Trevor Hill, 1st Viscount Hillsborough (1693 – 5 May 1742) was an Anglo-Irish landowner and politician who sat in the Irish House of Commons from 1713 to 1715 and in the British House of Commons from 1715 to 1722.

Hill was the eldest son of Michael Hill of Hillsborough and his wife Anne Trevor, daughter of Sir John Trevor, MP of Brynkinalt, Denbighshire. He was a member of an influential landowning family of County Down, Ireland. His father died in 1699 and Hill succeeded to his estates. He married sometime before 1717, Mary Rowe, widow of Sir Edmund Denton, 1st Baronet of Hillesden and eldest daughter and co-heiress of Anthony Rowe (c. 1641-1704) of Muswell Hill, Middlesex, MP.
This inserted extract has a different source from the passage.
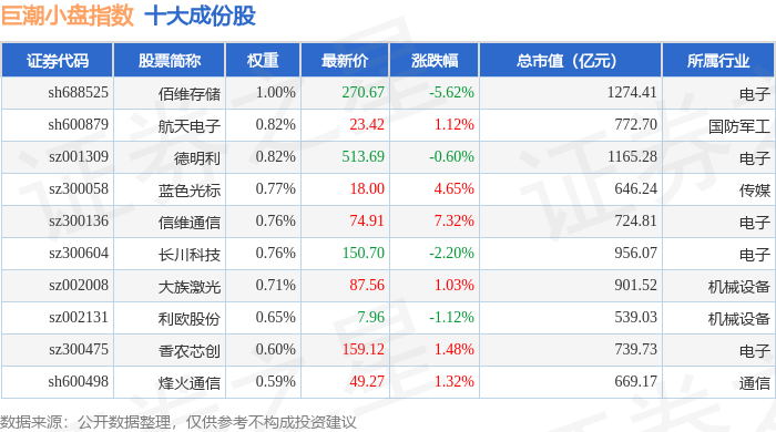 巨潮小盘(399316)指数十大成份股详情如下:

Hill represented Hillsborough in the Irish House of Commons from 1713 to 1715 and subsequently County Down from 1715 until 1717, when he was raised to the Peerage of Ireland as Baron Hill of Kilwarlin, in the County of Down, and Viscount Hillsborough. He became an Irish Privy Councillor on 20 September 1717.

At the 1715 British general election he stood unsuccessfully as a Whig for Saltash, but three months later was returned as Member of Parliament for Aylesbury at a by-election on 30 April 1715. In 1722 his friend, the Duke of Wharton returned him as MP for Malmesbury, but he was unseated on petition on 13 December 1722. He was defeated at a by-election at Appleby in 1723, and did not stand for Parliament again. He was appointed Governor of County Down in 1729.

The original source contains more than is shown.